Majluf Levy, absorto en sus reflexiones, no advirtió aquel cambio sutil, la inflexión distinta del tono de Nahari.
– Al principio, en la enfermería, en el lugar de los hechos, no encontramos ningún indicio incriminador -dijo.
– Discúlpeme -intervino Michael Ohayon-, yo aún estoy pensando en la enfermería. Cuando la registraron, ¿no encontraron nada? ¿Ni un vaso lleno, un plato, nada de nada?
– Nada. Absolutamente nada. Estaba todo tan limpio como el culito de un bebé y todas las huellas dactilares correspondían a personas con derecho de acceso al lugar.
– Claro -terció Nahari-, ése es el problema en un kibbutz; que todo el mundo tiene derecho de acceso a todas partes.
– No, lo que quería decir es que, cuando las cotejamos, vimos que todas eran de las personas a quienes habíamos visto allí, la auxiliar de enfermería, los parientes de los ancianos…
– ¿Y quién estaba en la enfermería? -preguntó Nahari, arrastrando su silla hacia atrás y cruzando las manos tras la nuca.
– ¿Cuándo? ¿En el momento de los hechos?
– Yo qué sé; antes de la muerte, ¿había alguien allí?
– Ya lo he explicado antes -respondió Majluf Levy-. La auxiliar dice que el médico y la enfermera llegaron con la paciente, y luego el médico se marchó y la enfermera se quedó a ponerle la inyección y después también se fue.

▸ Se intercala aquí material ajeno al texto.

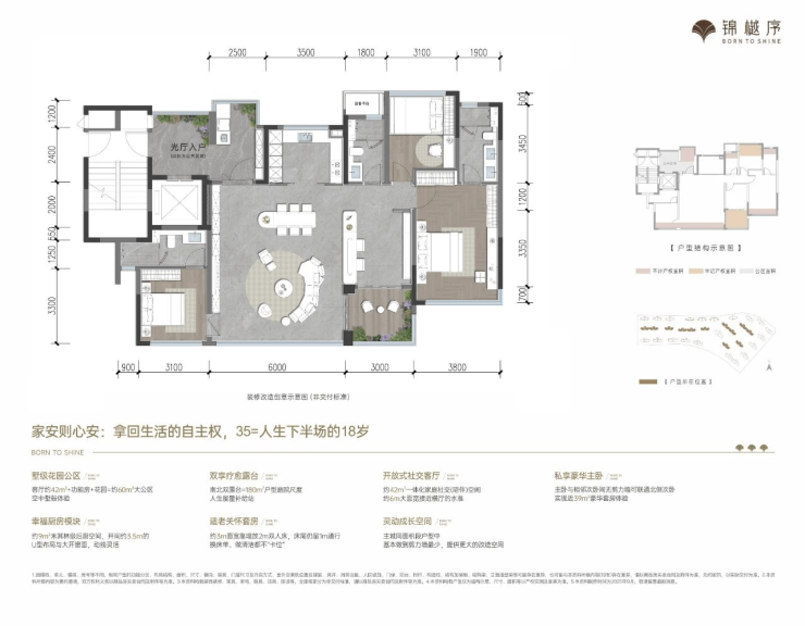 约42㎡的开放式社交厅与转角空中花园灵活衔接,可拓展为超60㎡的墅级公共空间,轻松承载家族聚会与社交庆典。升级版入户花园创新采用功能分区设计,将生态景观与家政玄关完美融合。主卧系统更支持与相邻次卧打通,打造约39㎡的奢适女王套房,展现极致空间可塑性。
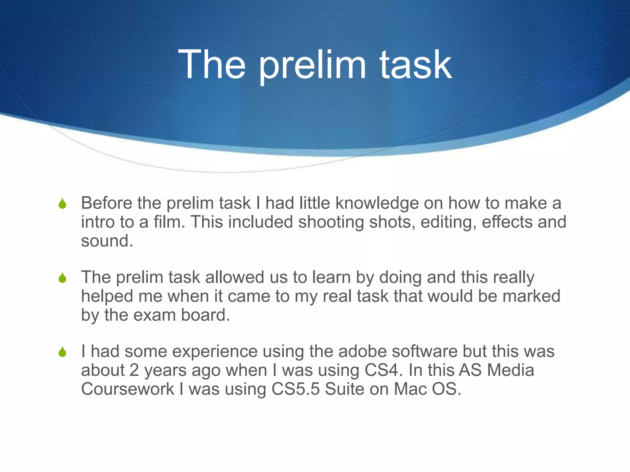 The document discusses the learning progression from a preliminary film task to a finalized film project, highlighting improvements in camera techniques, equipment usage, and software skills. It emphasizes practical experience gained through the prelim task, which included understanding shots and editing techniques that contributed to creating a more polished main task. Additionally, mistakes from the prelim task served as valuable lessons that informed better production choices in the main task.
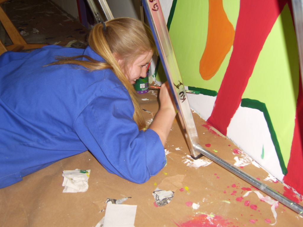 Die Bauwand, welche die Baustelle im Pausenhallenbereich vom regulären Schulbetrieb trennt, wird durch die Fachgruppe Kunst farblich gestaltet. Unter der Leitung von Frau Rahe, Frau Diekmann und Frau Besuden wurde jeweils ein Teilbereich von Schülerinnen und Schülern gestaltet. Die Klassen 10 A , 10 C, 10 D, und 10 E gestalteten zum Beispiel im Rahmen des Kunstunterrichts bei Frau Besuden ein größeres Wandbild auf der Bauwand. Es wurden thematische Schwerpunkte miteinander verknüpft, wie z.B. Graffiti der GSG-Buchstaben und Stadtsituationen. Diese wurden durch unterschiedliche Figurenkombinationen miteinander verbunden. Auch das Solidaritätsprojekt der Schule für Rivera Collata in Peru wurde in einem anderen Teil thematisiert.
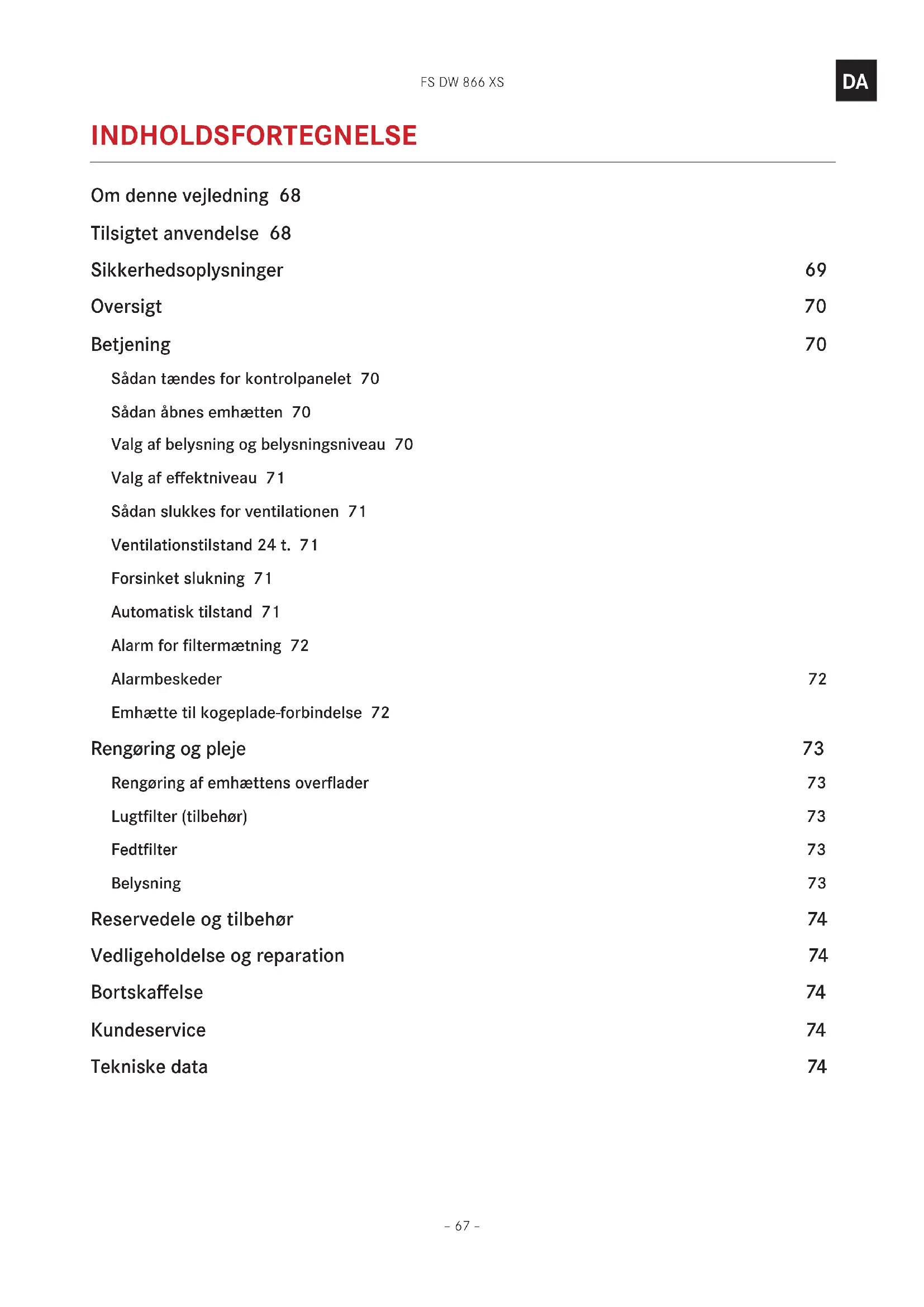 INDHOLDSFORTEGNELSE Om denne vejledning 68 Tilsigtet anvendelse 68 Sikkerhedsoplysninger 69 Oversigt 70 Betjening 70 Sådan tændes for kontrolpanelet 70 Sådan åbnes emhætten 70 Valg af belysning og belysningsniveau 70 Valg af effektniveau 71 Sådan slukkes for ventilationen 71 Ventilationstilstand 24 t. 71 Forsinket slukning 71 Automatisk tilstand 71 Alarm for filtermætning 72 Alarmbeskeder 72 Emhætte til kogeplade-forbindelse 72 Rengøring og pleje 73 Rengøring af emhættens overflader 73 Lugtfilter (tilbehør) 73 Fedtfilter 73 Belysning 73 Reservedele og tilbehør 74 Vedligeholdelse og reparation 74 Bortskaffelse 74 Kundeservice 74 Tekniske data 74FS DW 866 XS – 68 –

Luego, como he dicho antes, la auxiliar oyó ruidos y…
– ¿Cómo es que fue a parar a la enfermería? -preguntó Michael.
– ¿A qué se refiere? -replicó Levy desconcertado.

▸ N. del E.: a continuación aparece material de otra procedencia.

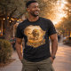 The warm savanna tones and textured, blended edges are designed to integrate naturally into the fabric, avoiding harsh borders and giving the print a worn-in, garment-ready feel. The gold-sand typography remains bold and legible on dark tees, reinforcing the message without overpowering the artwork.
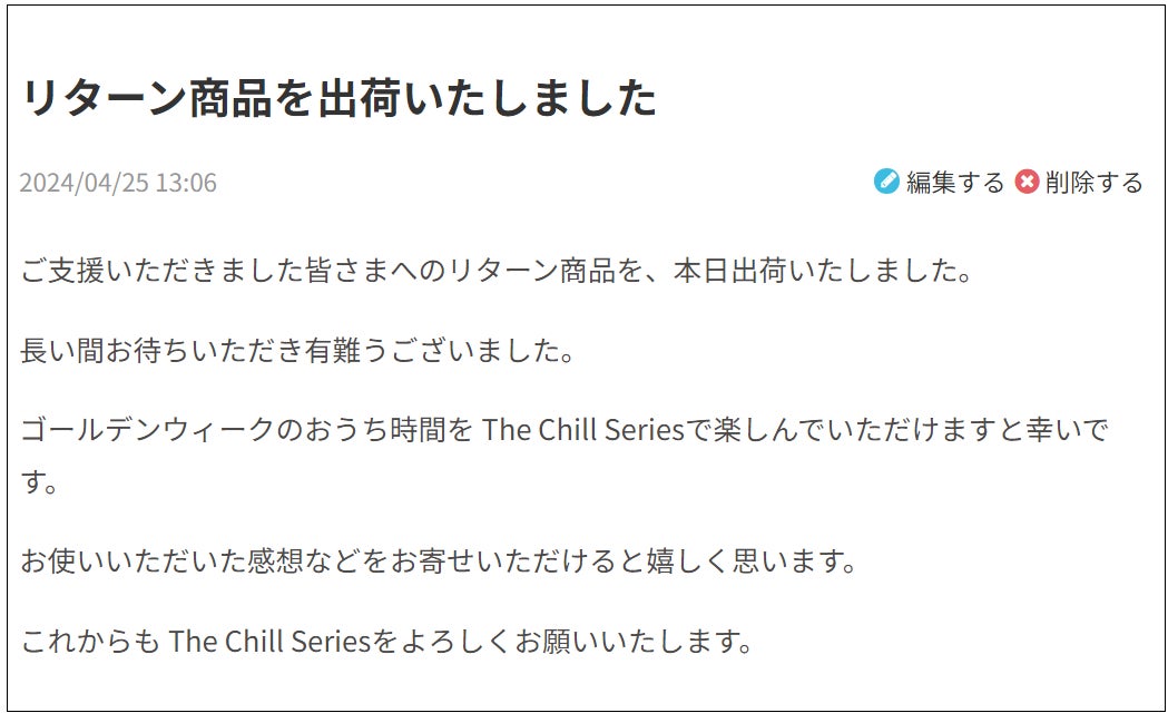2024/04/25 13:06ご支援いただきました皆さまへのリターン商品を、本日出荷いたしました。長い間お待ちいただき有難うございました。ゴールデンウィークのおうち時間を The Chill Seriesで楽しんでいただけますと幸いです。お使いいただいた感想などをお寄せいただけると嬉しく思います。これからも The Chill Seriesをよろしくお願いいたします。 もっと見る
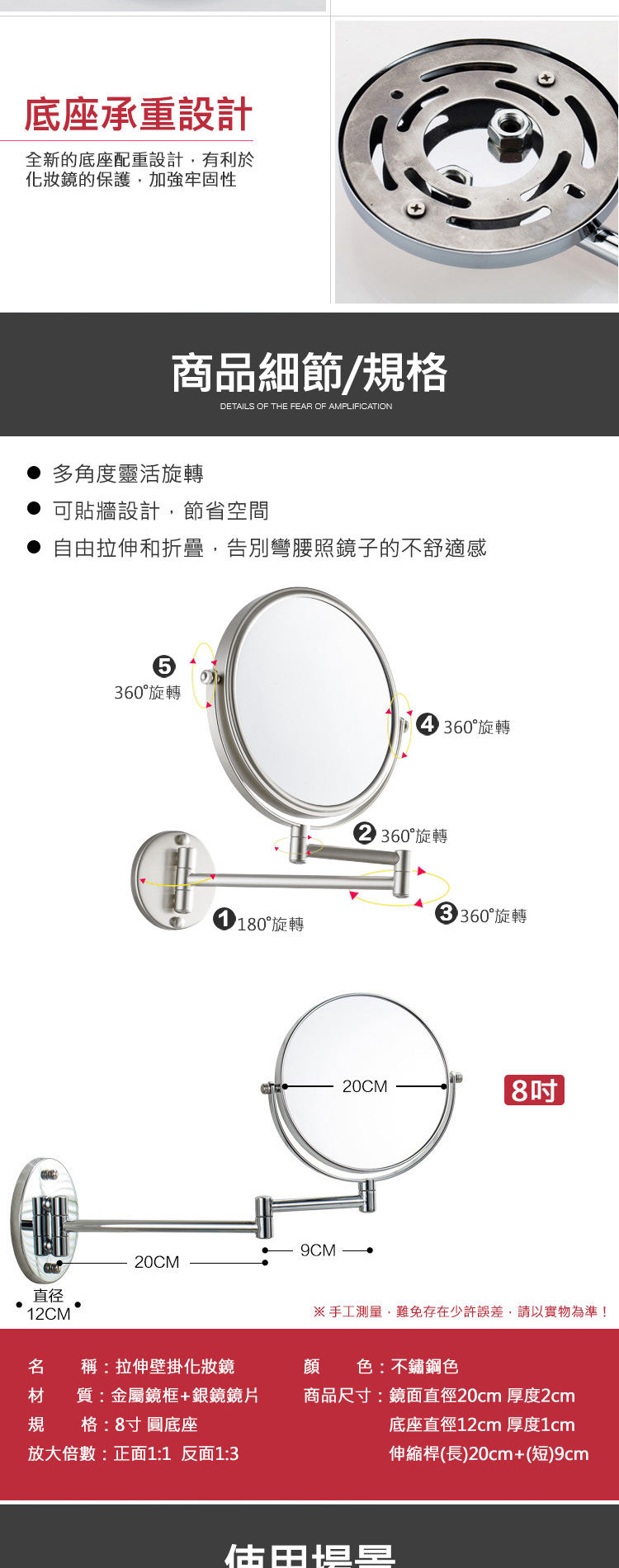 壁掛式折疊化妝鏡 伸縮梳妝鏡 浴室壁掛拉伸鏡子 伸縮/折疊/放大/雙面鏡 金屬雙面化妝鏡 衛生間/浴室美容鏡(8吋)
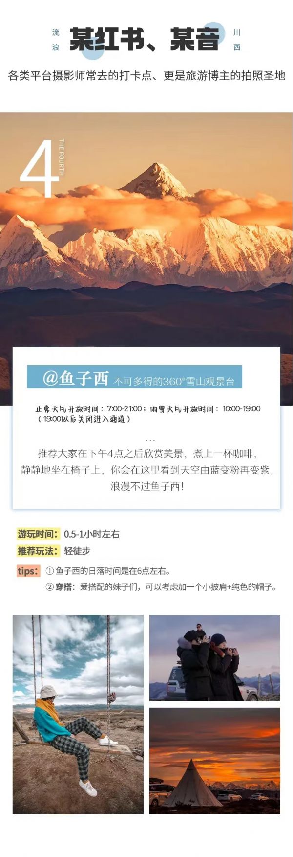 繼續(xù)前行來(lái)到魚(yú)子西,在這里你可以感受日照金山的壯闊, 也可以和雅拉雪山來(lái)一次近距離的合影,還可以遠(yuǎn)眺貢嘎雪山和云海。夜深了,還能看到肉眼可見(jiàn)的星空和銀河。
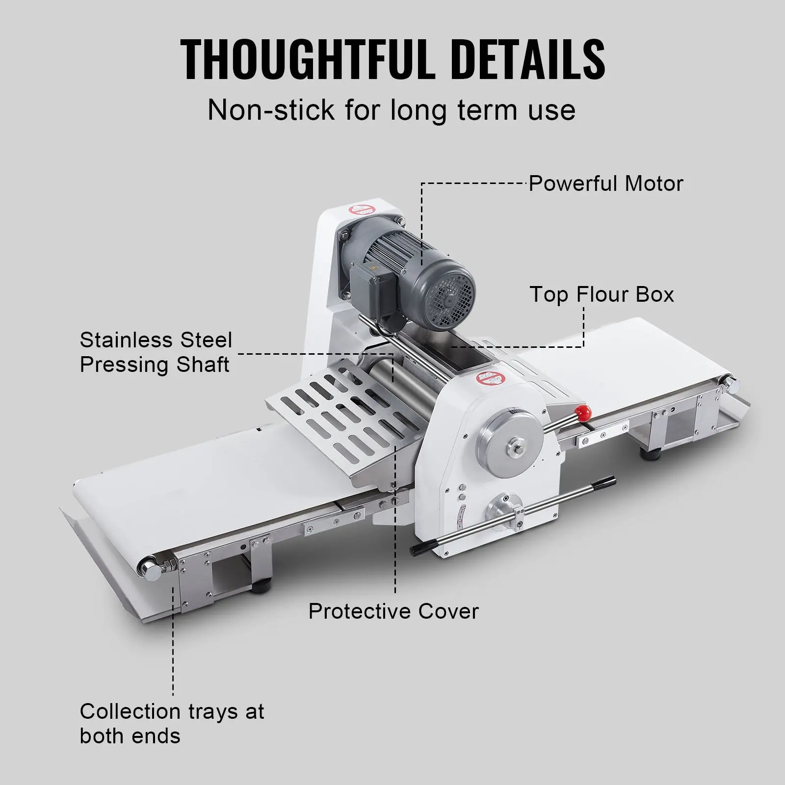 VEVOR Commercial Dough Sheeter Machine, 15.7-Inch Reversible Puff Pastry Sheeter and Fondant Roller, Electric Dough Roller 0-1.4 Adjustable Thickness, Folding Dough Sheeter for Bakeries, Pastries
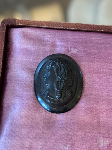 Antique Carved Whitby Jet Cameo Pin Victorian Mourning Brooch Facing Left

– ¿Qué procedimientos siguen? ¿Cuándo comenzó a sentirse mal?
– El sábado por la noche le subió la fiebre y se metió en la cama, y el domingo tenía previsto ir a Guivat Aviva, según creo, pero no se encontró con fuerzas para levantarse, y por la tarde también se quedó en la cama, atendida por su hija, mientras la abuela cuidaba de sus dos hijos pequeños, y el lunes por la mañana llamó al médico, que ya estaba en el kibbutz, y él fue a verla y la trasladó inmediatamente a la enfermería.
– ¿Y quién sabía que estaba allí? -preguntó Michael Ohayon, examinando el lápiz que tenía en la mano.
– ¿Qué quiere decir? -dijo Levy aturdido.
– Muy sencillo, ¿quién sabía que estaba en la enfermería, aparte del médico y la enfermera?
– No lo sé, la verdad -repuso Levy, mirando desvalidamente a Michael, quien anotó algo en el margen del papel que tenía delante.
– Bueno, ¿cuándo encontró usted la carta? -preguntó Nahari, consultando su reloj-. No podemos pasarnos aquí toda la vida escuchando la historia desde el principio. Ya son las doce. Llevamos reunidos tres horas y media y aún no hemos llegado a ningún lado.
– Ustedes me han pedido que se lo explicara, señor -contraatacó Levy, poniendo énfasis en cada una de las palabras-. Yo me he limitado a contarles lo que querían saber.
– Basta ya de piques infantiles -les increpó Shorer-. Continúe, Majluf.
Y Majluf Levy continuó con su relato preciso y exhaustivo de cómo habían registrado la casa de la difunta, sin encontrar nada sospechoso, y de cómo había ido con Moish al comedor, donde el director del kibbutz le había indicado cuál era el cajetín del correo de Osnat; allí, entre la correspondencia, habían encontrado la carta en cuestión y el director había identificado la letra, el nombre, todo. Y fue así como había salido a la luz la implicación del parlamentario Aarón Meroz, miembro de la Comisión de Educación y subsecretario del partido, y sus relaciones íntimas con Osnat, que dejaron pasmado a Moish, quien, según Majluf, repetía: «Qué lástima, qué lástima».